Sometimes I even straddled more than one stage at time. It took a full 5 years before I was able to arrive wholeheartedly at the final stage--engaging life.
Here then, are the 7 stages of grieving. Ask yourself where you are in the process:
The 7 stages of Grieving
This is your body's protection mechanism which protects you from being completely overwhelmed by the devastating news you have received. It's like brain fog which means you switch into survival mode. Many details of this stage are hard to recall. That season is all a blur.
You're just trying to get through each day.
In this phase some people deny the true meaning of their diagnosis. We are so deeply affected by the loss that we deny the reality, often pushing away feelings and emotions. We tell ourselves falsehoods. For me, that meant thinking Mathilda would get better even though I knew her narcolepsy was incurable. Getting stuck here may prevent the person from seeking appropriate treatment.
Anger is a natural feeling when life does not go according to plan.
Not naturally a person who is accustomed to feelings of fury, I was shocked at the extent to which I felt exasperated with the doctors that wanted to send us both to the psychiatric unit. I was angry at the systems that failed Mathilda, and at the British Governtment for allowing an untested vaccine loose on children.
It's important to recognize that this is a potentially destructive phase and may have implications that lead us later to regret.
We naturally take care of our family and friends and their diagnosis feels like we have failed them in some way, because we didn't keep them safe.
Our internal dialogue goes like this: "If only hadn't..."
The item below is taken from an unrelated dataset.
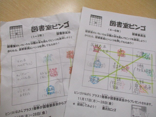 図書委員会が企画した図書ビンゴを、11月17日(月)~28日(金)まで行いました。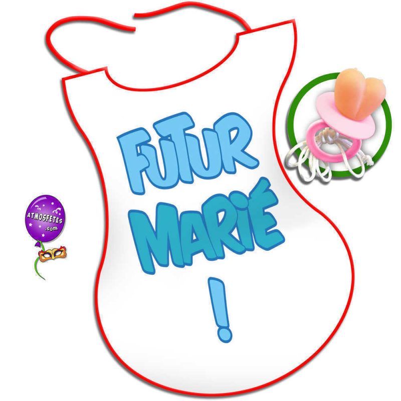 bavoir humoristique futur marié mariage lui homme humour bavures baver bavette bébé saliver drôle blague farce gag amusant tétine totoche seins nichons nénés lolos roploplos nibards rigolo marrant rire invités convives

In my book Waking Mathilda, I talk about how I replayed the events surrounding the day I took her to have the H1N1 vaccine.
"If only I had driven to the park instead of the health center." I can't tell you how much time I spent stuck in this phase.
5. Sorrow And Depression
Tidal waves of sadness permeate our lives in this phase. We get stuck in the immense sadness and loss which can quickly lead to clinical depression. Life loses its color and vibrancy. Nothing lifts us up and we have hard time thinking we will ever find joy again.
I strongly advise seeing your doctor preferably before this stage kicks in. Reflecting on positive aspects of your life is also important at this stage. Journaling gratitude, exercise and mediation have worked for me as well.
Here, we begin to accept our new normal. Reality sets in and we feel ready to let go of the previous turmoil.
We acknowledge life needs to move on and begin to seek genuine ways to accept the pain whilst letting of negative emotions.
Our grief never totally disappears, but we make positive steps towards healing and looking forward. We make plans that we know will be sources of happiness and become brighter in our everyday outlook on life.
This happened for me once Mathilda began treatment. Since then I have savored the simple rhythms of family life, every tiny triumph and not spent too much time looking ahead with worry.
7. Engaging Life
In this final stage, we continue to heal and begin to realize that life moves forward.
People comment on how we are laughing again, and deep down there's a flicker of pleasure that steers us towards making tentative plans for the future.
Whilst our altered world view is irreversible, we deeply desire to grasp each moment and make strides towards improving the lives of others knowing we have done what we can to stabilize and accept our new normal.
Understanding these important stages in grieving as we begin to accept our diagnosis is key to embracing life again. It is possible to move gently through them, take our beautiful families with us and wake up to a world which will once again feel worth living.
Healing takes courage, and we all have courage, even if we have to dig a little to find it.